Posts Tagged ‘buy local’

h1

Plaid Friday: Shop local this holiday season!

November 23, 2009

Yep, it’s that time of year again—and as usual I haven’t even started thinking about holiday shopping yet. Luckily, though, this Friday is Plaid Friday in the East Bay—which means it’s time for indie holiday shopping! “Plaid Friday” is a concept created by two independent East Bay businesses to help encourage Bay Area shoppers to go local on the Friday after Thanksgiving, traditionally the biggest shopping day of the year.

What you need to do to participate:

  1. Wear plaid on Friday, November 27, 2009 in support of local independent businesses.
  2. Look for plaid placards in shop windows or visit the Plaid Friday website to find independent East Bay businesses near you that are offering special discounts or hours.
  3. Buy stuff from local independent businesses on Plaid Friday and in the weeks to come!

There are dozens of independent businesses participating in the day of festivities, so here’s a quick sampling of just a few near my ‘hood. Check the website for their special Plaid Friday discounts and hours.

And don’t miss the after-party:

Penelope Bar and La Borinquena Mex-icatessen
Corner of 11th & Clay, Oakland | Plaid Friday Hours: 6-11pm

Penelope Bar and Tina Tamale of La Borinquena are joining forces for a Plaid Friday afterparty. Once everyone is worn out from shopping at fine indie businesses, we are inviting everyone to quench their thirst and fill their bellies with us.

$3 Plaid Friday Shots | $6 Select Signature Drinks | 1 cent Indie Special shot if you wear plaid | $6 Tamale Plate with tortilla chips & salsa

h1

The 3/50 Project: Saving independent businesses

April 13, 2009

I first heard about the 3/50 Project over at De-Victorianization on Division, a house blog out of the Midwest, but I was struck by how wonderfully this national project echoed the work that’s been going on in Oakland over the past few years with campaigns like Shop Oakland, Oakland Unwrapped!, and now Oakland Grown. And I was also struck by the fact that there is not yet a single Oakland business participating in this project—not one!—in spite of the fact that Alameda, Berkeley, San Francisco, and even Walnut Creek and Danville are represented. So it seemed like it was time to spread the word!

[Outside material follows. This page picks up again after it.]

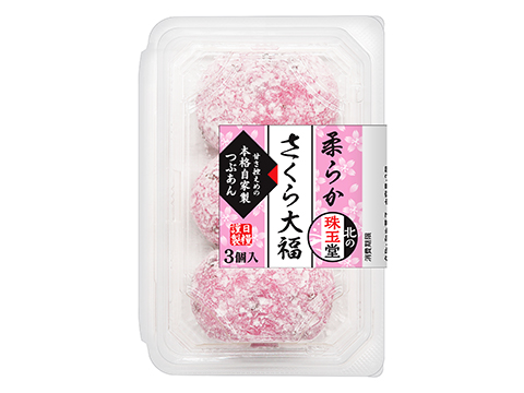 春らしい桜の香りを感じられる口当たりやわらかな生地に、甘さ控えめの本格自家製つぶあんを包んだ3個入。

The premise of the Minneapolis-based 3/50 Project (brainchild of Cinda Baxter at Always Upward) is that if we each picked three favorite independent businesses and spent a total of $50 across the three, we’d collectively generate $42.6 billion in revenue across the nation. (The numbers are based on the Department of Labor’s most recent employment statistics, and count only those who are currently employed.) The organizers also note the huge impact of buying from locally-owned businesses: for every $100 spent at an independent business, $68 comes back to the community through taxes, payroll, and other expenditures. If you buy from a chain, only $43 comes back—and if you buy online, virtually nothing comes back.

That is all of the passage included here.